REQUIRED WORK ->
No pictures, no extra lines: copy exactly from the line with "Financial Investment Promotion" through the end of the entries.

=== Begin Enclosure ===

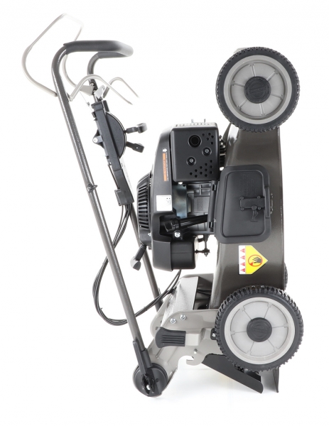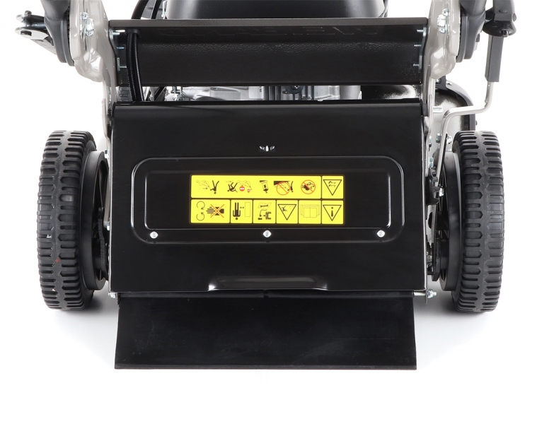 Novinkou sekačky je funkce tzv. "CHYTRÉ ŘEŠENÍ", sekačku lze pro ekonomické uskladnění, snadné čištění, servisování otočit a postavit na zadní speciální patky šasí, tímto se snadno dostanete na spodní část žacího ústrojí, uložení náprav a převodovku. Ergonomicky upravená madla se dají variabilně nastavit do jakékoli výšky za pomocí profesionálních masivních celokovových rychloupínáků. Speciální metalický komaxitový nástřik s kladívkovou úpravou (3 vrstvy nástřiku), který výrazně umocňuje luxusní vzhled a eleganci.
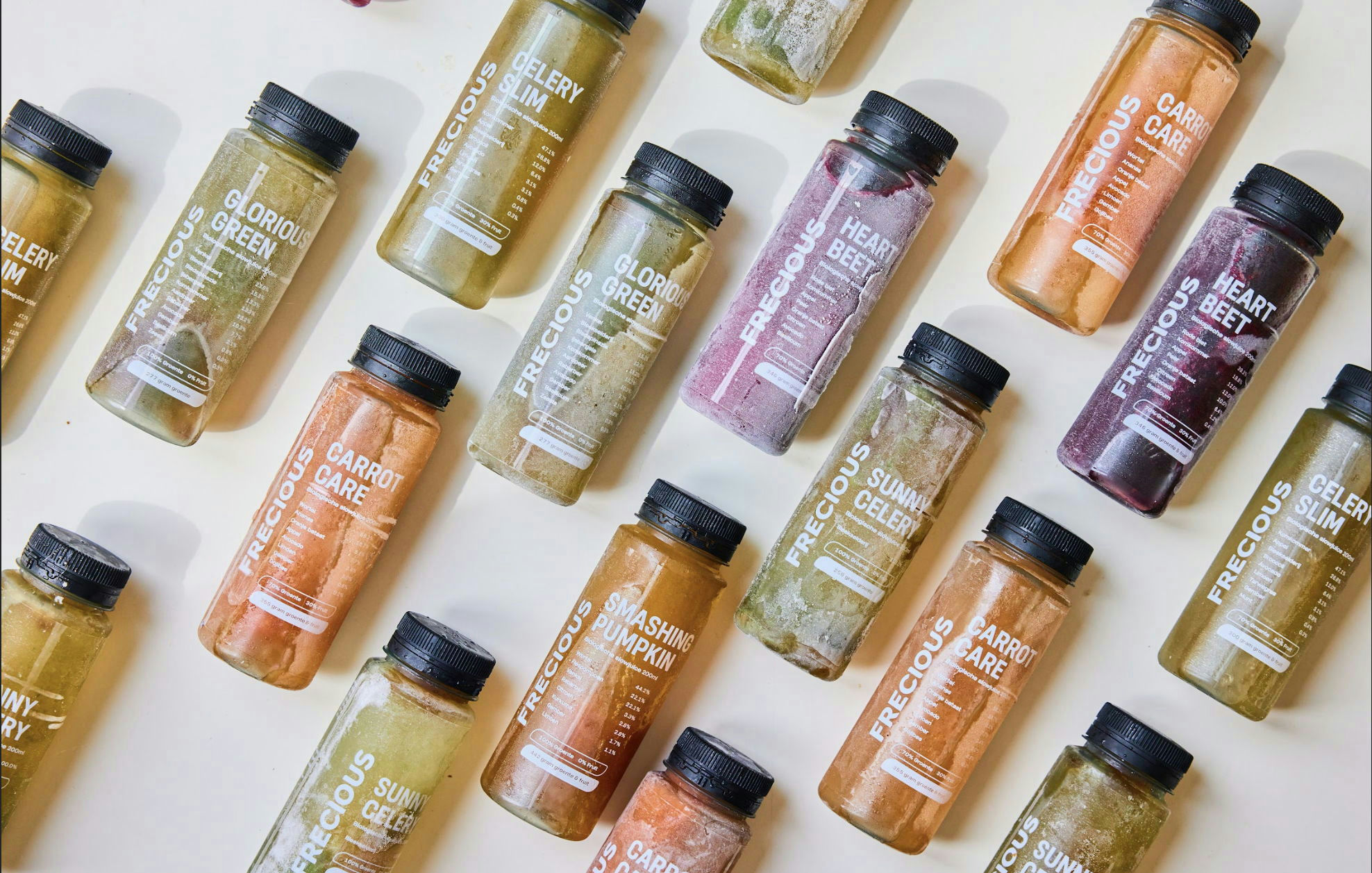 Frecious is sinds 2011 hét slowjuice merk van Nederland. Gezonde juices vanuit onze eigen Slowjuicery, direct shockfrozen voor optimaal effect. Slowjuices met vooral veel soorten groenten en weinig of zelfs helemaal geen fruitsuikers. We verkopen ze vooral online met een subscription model, vers ingevroren thuisbezorgd. Ook verkopen we via Ekoplaza en boodschappen-app Crisp.
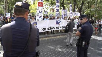 Alrededor de un centenar de policías se han concentrado esta mañana frente a la sede del Ministerio del Interior, en el número 5 del paseo de la Castellana. Convocados por tres sindicatos del cuerpo (CEP, UFP y SP), los manifestantes protestaban por los recortes que ha sufrido el cuerpo y que les afecta de manera especial en su jornada laboral y en sus nóminas. El representante de la Unión Federal de la Policía en Madrid, Antonio Sánchez Esturillo, ha criticado las medidas del Gobierno de Mariano Rajoy y ha explicado el desánimo que existe dentro del cuerpo, lo que se ha traducido en una reducción de la actividad policial, en especial en el número de identificados y detenidos.
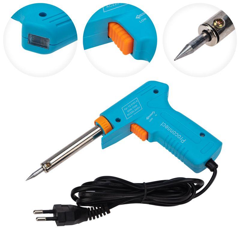 Паяльник-пистолет двухрежимный серии Classic мощностью 30/70Вт PROconnect предназначен для ручного монтажа/демонтажа электронных компонентов и других мелких и средних деталей. Конструктивные особенности: рукоятка в форме пистолета, возможность осуществлять пайку в двух режимах мощности 30Вт и 70 Вт. Наличие 2-х режимов мощности обеспечит экономичное энергопотребление. Максимальная мощность и ускоренный разогрев активируются нажатием и удержанием кнопки, расположенной на рукоятке. Это позволяет мастеру сначала установить жало инструмента в определенную точку пайки, а затем перевести паяльник в максимальный рабочий режим. Долговечное жало паяльника состоит из медьсодержащего сердечника, покрытого слоем хрома. В случае необходимости его можно легко и быстро заменить (сменное жало в комплект не входит). На корпусе расположен индикатор включения.
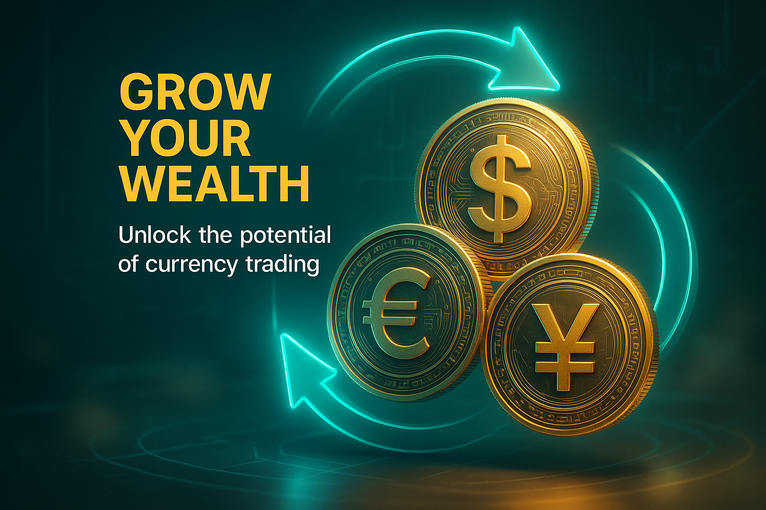 Financial Investment Promotion Graphic Featuring Currency Symbols
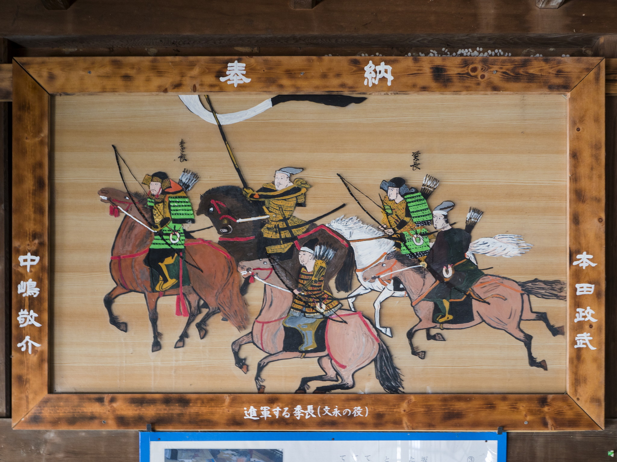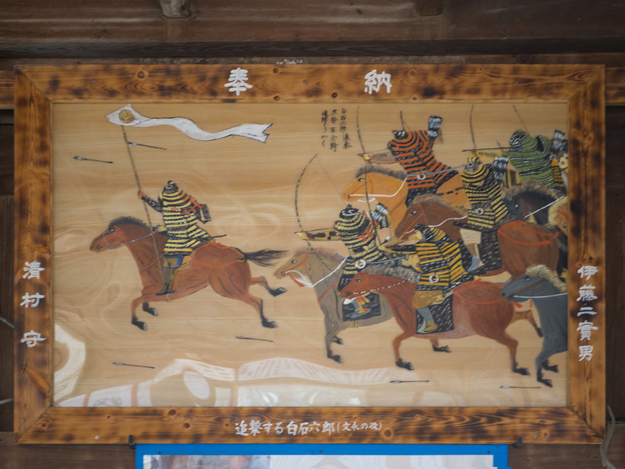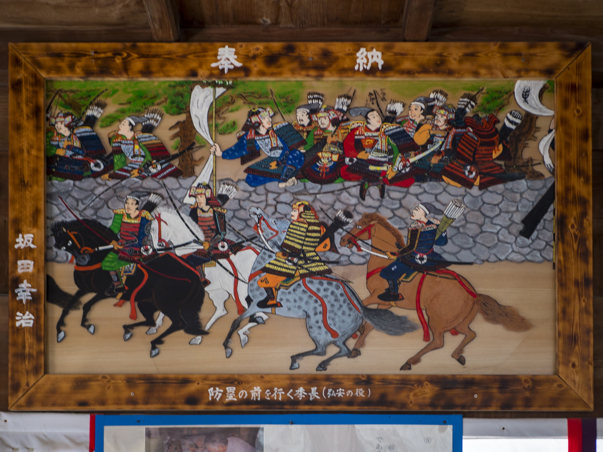 元寇の当時の武士たちの姿や戦い方を知る上で貴重な資料である「蒙古襲来絵詞」は、縦幅約40cm、長さは前・後巻を合わせると約40mにも及びます。その中から重要な場面を10枚選んで、甲佐町在住の有志が拡大模写したものが拝殿に大絵馬として奉納されています。「蒙古襲来絵詞」原本には、損傷や加筆などがありますが、複製された「蒙古襲来絵詞」は甲佐神社に奉納された当時の姿に近づけられています。また境内には、竹崎季長が甲佐大明神のお告げを受けたとされる桜を継ぐものとして、願成桜が2007年に植樹されています。

=== End Enclosure ===

PROBLEM SOLUTION ->
 Financial Investment Promotion Graphic Featuring Currency Symbols
 元寇の当時の武士たちの姿や戦い方を知る上で貴重な資料である「蒙古襲来絵詞」は、縦幅約40cm、長さは前・後巻を合わせると約40mにも及びます。その中から重要な場面を10枚選んで、甲佐町在住の有志が拡大模写したものが拝殿に大絵馬として奉納されています。「蒙古襲来絵詞」原本には、損傷や加筆などがありますが、複製された「蒙古襲来絵詞」は甲佐神社に奉納された当時の姿に近づけられています。また境内には、竹崎季長が甲佐大明神のお告げを受けたとされる桜を継ぐものとして、願成桜が2007年に植樹されています。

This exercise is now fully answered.